Impassioned, she continues, “Mythology is everywhere. I know an Agamemnon, and he’s like a king; a Sophocles and he’s a philosopher. And as for the ancient temples and healing Asclepieions, my Greek uncle and his wife – my aunt originally from South Africa – lived in Aegina for decades near the ancient temple of Aphaia. Now both deceased, he lived till he was 106 as did his mother, and my aunt lived well into her 90’s. I believe it was due to the energy fields permeating that area.”

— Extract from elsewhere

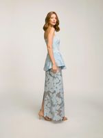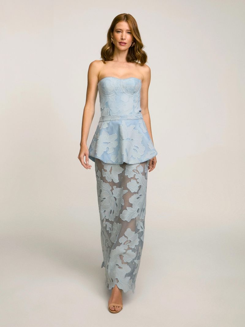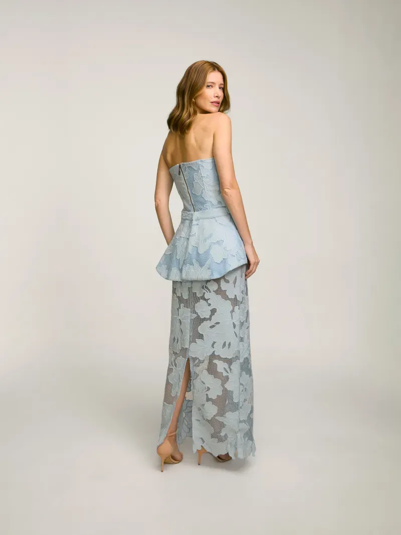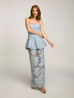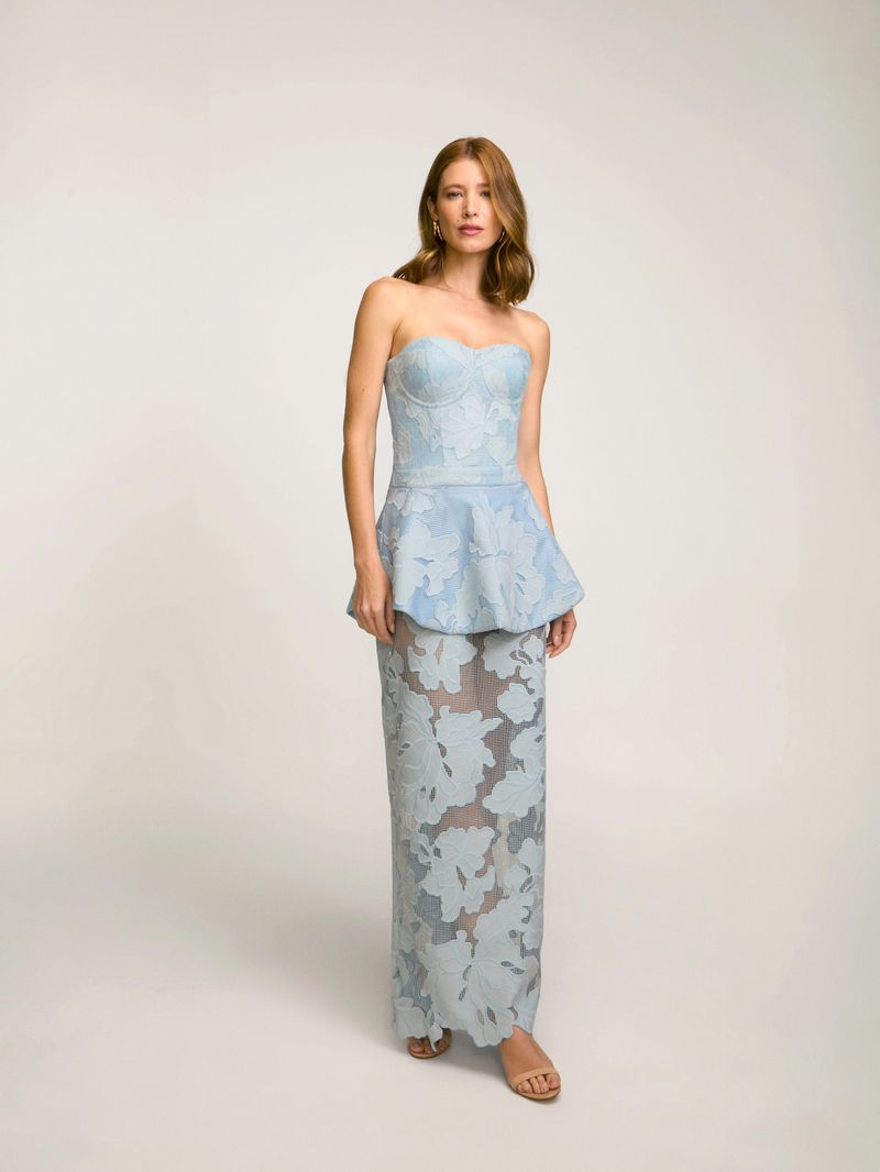 Saia longa confeccionada em tecido especial floral texturizado com transparência. Possui modelagem reta com cintura alta e detalhe de fenda nas costas com fechamento por zíper invisível.

Desiree’s paintings are currently being exhibited at the Melina Mercouri Centre in Hydra, while her work is also currently on show at Sydney’s Botanical Gardens, Centenary of Water Colours exhibition. Internationally known, Desiree’s work can also be found in Australia, NZ, South Africa, Europe, the UK and Mexico. Furthermore, a finalist of the prestigious Dough Moran art prize, Desiree has contributed to art related magazines, as well as featured in the Saronic Islands publication and in Greece’s Aegean Airline magazine ‘Blue.’

Pen and wash Hydra
Central Australia

She tells me that she wishes to leave a legacy in Hydra.

“I actually live close to the house of the famous Australian writers Charmian Clift and George Johnson, as well as to Leonard Cohen. Coincidentally, in Sydney I live a few streets from Charmian Cliff’s now 80-year-old daughter who I know, and to whom I gifted my painting of her famous mother’s house.”

Desiree paints, teaches and exhibits in her two studios in Hydra and Sydney, apart from enjoying the best of both her home countries.

With friend at Charmian Clift’s home, Hydra
Hydra fisherman

“As an artist I find living in two contrasting countries – young Australia and ancient yet modern Greece, enormously exciting,” she says.

“Australia has order and structure, wide open spaces, enormous horizons and a rich colour palette. People are generally reserved and conservative, their demeanor understated.

“Greece has a sense of great freedom about it. I love that the Greek people are passionate, gregarious and natural philosophers. Conversations easily fall into deep and wise content. The beautiful cool grey and blue palette of the wider landscape and islands are a subtle and poetic contrast to Australia’s rich variety of reds. I am truly blessed as an artist.”